Not really trying to start an argument here, - - 'less you want to talk about POLITICS :cheesygri (I'm always up for that!!), - - and not trying to 'judge' who may be right or wrong on any particular point (we've all been on both sides of that), - - just saying it's of great value to me (and I'm sure many others), - - to have an architect among us.

The inherent value of this site is the myriad of opinions from all 'walks', - - the vast knowledge comes from no one person, - - but from the sum of 'all', - - that would include (hopefully), me, you, and HIM.

The 'free advice' statement comes from my many experiences with his 'wealth of knowledge' on another site, - - you may not be so aware of it, - - because he's barely even been given a chance on this site.

P.S. Didn't know Boston had a 'backwoods'!! :cheesygri


----------



## mighty anvil (Oct 5, 2005)

Perhaps I didn't expain it properly.

When a conventional plywood or OSB sheathed wall (with maximum nails/screws and glue) is not long enough to provide the required lateral bracing and a double-sided design is inconvenient, it is necessary to further increase the strength of the perimeter attachment of the panels and the connection to the foundation. 

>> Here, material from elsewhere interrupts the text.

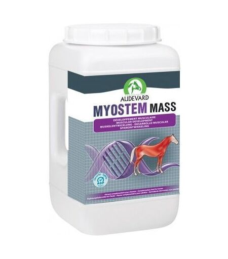 Myostem Mass est un aliment complémentaire sous forme de granulés élaboré pour apporter un soutien nutritionnel au développement musculaire. Il convient aux chevaux à l'entraînement, aux chevaux âgés ou manquant d'état et aux poulains en croissance.Formule riche en acides aminésSa formule offre un apport calculé en acides aminés, souvent apportés en quantités insuffisantes dans l'alimentation.Mode d'emploi Cheval adulte : 4 mesures par jour, pendant au moins 3 semaines. Poulain : 1 à 2 mesure(s) par jour, pendant au moins 3 semaines. Administrez Myostem Mass dans les heures suivant l'effort pour qu'il soit assimilé au moment de la synthèse protéique.CompositionPour 1 kg : Matières premières : protéines de pois, fenugrec (Trigonella foenum-graecum), extrait de parois de levures, lactosérum. Additifs : Acides aminés : 3.3.1 thréonine 18,7 g, 3.2.3 lysine 15 g, valine 12,5 g, 3C301 méthionine 8 g, isoleucine 5 g. Substances aromatiques : leucine 25 g, phénylalanine 12,5 g, histidine 10 g. Constituants analytiques : humidité > 10 %, protéines brutes 70 %, cendres brutes 8 %, cellulose brute 5 %, matières grasses brutes 1 %. ...

Increasing the thickness of the panel would only add bracing strength if it allowed for greater nail/screw placement and I have never seen evidence of that although I can see a definite benefit in compensating for overdriven nails which is a common and serious problem with nail guns. Whatever the panel thickness, greater perimeter attachment is usually provided by using wider vertical members (3x studs) which allows greater staggering of the nail/screws. Additional bolts are usually added to transfer the greater forces to the foundation. 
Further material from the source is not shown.